Alcorn's work on Cosmos leaving Atari
When Ray Kassar replaced Bushnell as president, Atari became a marketing company. The old leadership took risks and pioneered new technologies. Instead of developing new technologies, Kassar preferred to push existing ideas to their fullest. Alcorn wanted to begin work on the next generation of home video-game hardware, but Kassar didn't even want to consider an alternative to the Atari VCS.
Toward the end of 1978, Alcorn assembled a team of engineers and began designing a game console called Cosmos. Unlike the VCS, Cosmos did not plug into a television set. It had a light-emitting diode display. Both systems played games stored on cartridges, but Cosmos's tiny cartridges had no electronics, simply a four-by-five inch mylar transparency that cost so little to manufacture that the entire cartridges could retail for $10.

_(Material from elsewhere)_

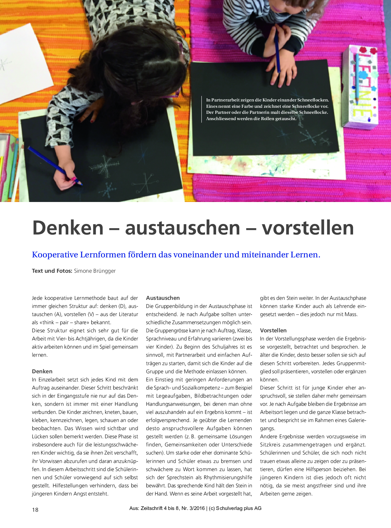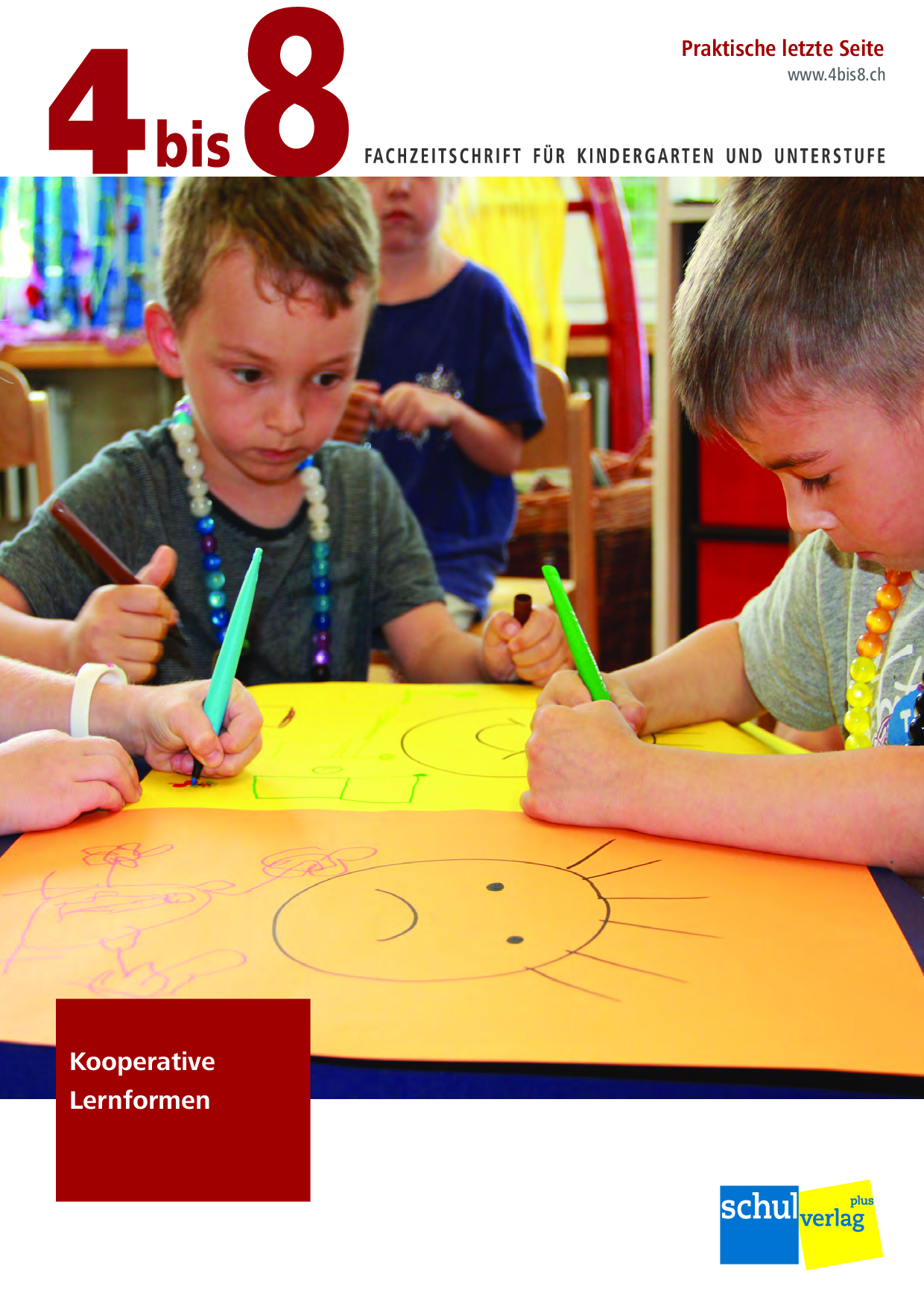 Zum kooperativen Lernen auf der Kindergartenstufe gibt es kaum Literatur. Die Zeitschrift «4 bis 8» stellt kooperative Lernformen vor, die sich sowohl im Kindergarten wie auch auf der Unterstufe umsetzen lassen. Neben einer Kurzbeschreibung der Methode erhalten Sie Hinweise zu den benötigen Materialien, einen Vorschlag zur Gruppenbildung sowie Anregungen, wie die Kinder ihre Arbeit reflektieren können. Die Arbeit in drei Phasen des kooperativen Lernens (think – pair – share) werden anhand eines konkreten Themas illustriert und beschrieben. Zusätzlich finden Sie Varianten, Vorschläge zur Differenzierung sowie Anregungen zu weiteren Themen.

Alcorn's team included two new engineers. Harry Jenkins, who had just graduated from Stanford University, and Roger Hector, a project designer who had done some impressive work in the coin-op division. Both were assigned to work directly under Alcorn on the Project.
Borrowing a page from Odyssey, the Cosmos used overlays to improve the look of its games. Cosmos's overlays, however, were among the most impressive technologies ever created by Atari engineers.
Atari negotiated a deal with a bank for access to patents belonging to Holosonics, a bankrupt corporation that controlled most of the world's patents for holograms- a technology for creating three-dimensional images using lasers. Alcorn brought in two specialists, Steve McGrew and Ken Haynes, to develop a process for mass-producing holograms that could be used with his game.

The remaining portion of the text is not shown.